§ Supplied material
=-=-=
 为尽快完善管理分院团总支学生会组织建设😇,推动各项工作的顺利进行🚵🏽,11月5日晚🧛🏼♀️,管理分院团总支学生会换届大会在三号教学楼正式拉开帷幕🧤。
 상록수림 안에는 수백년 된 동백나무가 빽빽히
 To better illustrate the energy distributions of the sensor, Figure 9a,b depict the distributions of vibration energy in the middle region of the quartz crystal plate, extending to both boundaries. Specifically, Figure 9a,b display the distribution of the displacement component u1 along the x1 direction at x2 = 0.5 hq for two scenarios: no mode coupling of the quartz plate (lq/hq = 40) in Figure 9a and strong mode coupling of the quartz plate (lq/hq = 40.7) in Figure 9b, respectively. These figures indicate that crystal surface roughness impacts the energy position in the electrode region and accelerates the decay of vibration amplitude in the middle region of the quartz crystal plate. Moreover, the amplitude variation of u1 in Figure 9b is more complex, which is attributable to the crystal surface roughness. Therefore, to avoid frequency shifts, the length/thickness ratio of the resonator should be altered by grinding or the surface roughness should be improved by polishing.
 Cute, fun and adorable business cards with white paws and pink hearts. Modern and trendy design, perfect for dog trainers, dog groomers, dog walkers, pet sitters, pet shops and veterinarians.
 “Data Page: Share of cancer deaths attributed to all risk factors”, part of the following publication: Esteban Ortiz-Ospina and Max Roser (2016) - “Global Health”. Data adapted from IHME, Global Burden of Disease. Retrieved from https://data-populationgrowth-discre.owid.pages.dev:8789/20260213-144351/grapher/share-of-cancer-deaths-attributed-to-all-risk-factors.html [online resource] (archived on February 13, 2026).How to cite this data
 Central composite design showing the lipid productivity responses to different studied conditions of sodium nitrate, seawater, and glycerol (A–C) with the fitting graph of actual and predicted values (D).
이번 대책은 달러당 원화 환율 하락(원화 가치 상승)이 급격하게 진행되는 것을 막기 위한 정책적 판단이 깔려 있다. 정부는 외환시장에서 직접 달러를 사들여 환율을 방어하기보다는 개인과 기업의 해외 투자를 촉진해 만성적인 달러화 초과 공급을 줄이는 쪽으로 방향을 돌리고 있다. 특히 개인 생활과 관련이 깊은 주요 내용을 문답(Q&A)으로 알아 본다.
=-=-=
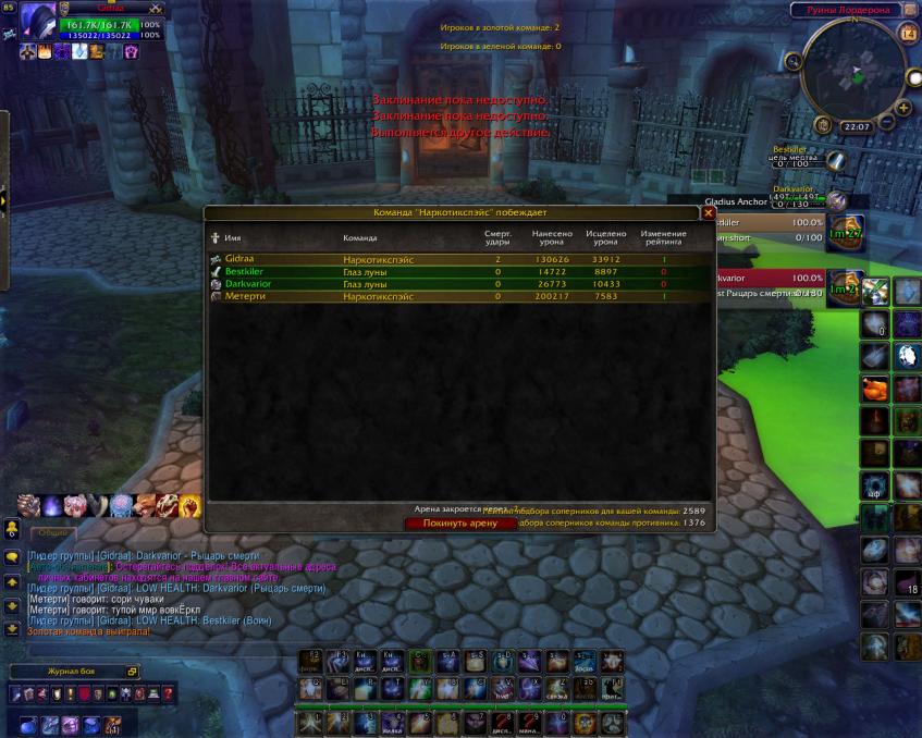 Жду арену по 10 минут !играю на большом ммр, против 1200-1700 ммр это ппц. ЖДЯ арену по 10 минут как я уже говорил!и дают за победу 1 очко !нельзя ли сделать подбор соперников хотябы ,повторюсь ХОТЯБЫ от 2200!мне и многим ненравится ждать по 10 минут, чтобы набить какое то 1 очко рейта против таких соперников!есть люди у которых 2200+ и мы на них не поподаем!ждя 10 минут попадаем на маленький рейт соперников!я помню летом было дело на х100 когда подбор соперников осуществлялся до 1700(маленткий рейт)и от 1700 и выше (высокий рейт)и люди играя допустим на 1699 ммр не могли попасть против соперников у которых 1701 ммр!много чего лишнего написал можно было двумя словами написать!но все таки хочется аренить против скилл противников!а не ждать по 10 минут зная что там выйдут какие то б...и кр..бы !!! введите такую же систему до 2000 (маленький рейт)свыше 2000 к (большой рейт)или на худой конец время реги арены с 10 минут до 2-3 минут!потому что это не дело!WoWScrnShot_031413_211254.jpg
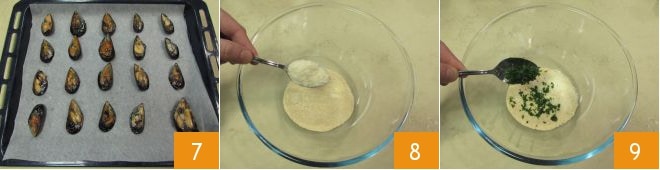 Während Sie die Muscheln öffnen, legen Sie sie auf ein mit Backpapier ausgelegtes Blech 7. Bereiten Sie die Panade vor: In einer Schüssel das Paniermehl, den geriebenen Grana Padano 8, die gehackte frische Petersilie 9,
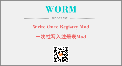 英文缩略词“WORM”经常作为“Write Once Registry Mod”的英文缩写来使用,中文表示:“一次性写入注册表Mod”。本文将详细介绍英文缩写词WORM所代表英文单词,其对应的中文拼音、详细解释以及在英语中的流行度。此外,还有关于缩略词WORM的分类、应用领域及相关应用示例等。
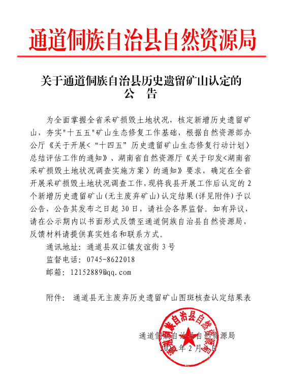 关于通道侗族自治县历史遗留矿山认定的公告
=-=-=
§ Your goal
Among the records above, a stretch begins at the line containing "为尽快完善管理分院团总支学生" and ends at the line containing "Cute, fun and". Restate that stretch word for word, and nothing else.

§ Answer section
 为尽快完善管理分院团总支学生会组织建设😇,推动各项工作的顺利进行🚵🏽,11月5日晚🧛🏼♀️,管理分院团总支学生会换届大会在三号教学楼正式拉开帷幕🧤。
 상록수림 안에는 수백년 된 동백나무가 빽빽히
 To better illustrate the energy distributions of the sensor, Figure 9a,b depict the distributions of vibration energy in the middle region of the quartz crystal plate, extending to both boundaries. Specifically, Figure 9a,b display the distribution of the displacement component u1 along the x1 direction at x2 = 0.5 hq for two scenarios: no mode coupling of the quartz plate (lq/hq = 40) in Figure 9a and strong mode coupling of the quartz plate (lq/hq = 40.7) in Figure 9b, respectively. These figures indicate that crystal surface roughness impacts the energy position in the electrode region and accelerates the decay of vibration amplitude in the middle region of the quartz crystal plate. Moreover, the amplitude variation of u1 in Figure 9b is more complex, which is attributable to the crystal surface roughness. Therefore, to avoid frequency shifts, the length/thickness ratio of the resonator should be altered by grinding or the surface roughness should be improved by polishing.
 Cute, fun and adorable business cards with white paws and pink hearts. Modern and trendy design, perfect for dog trainers, dog groomers, dog walkers, pet sitters, pet shops and veterinarians.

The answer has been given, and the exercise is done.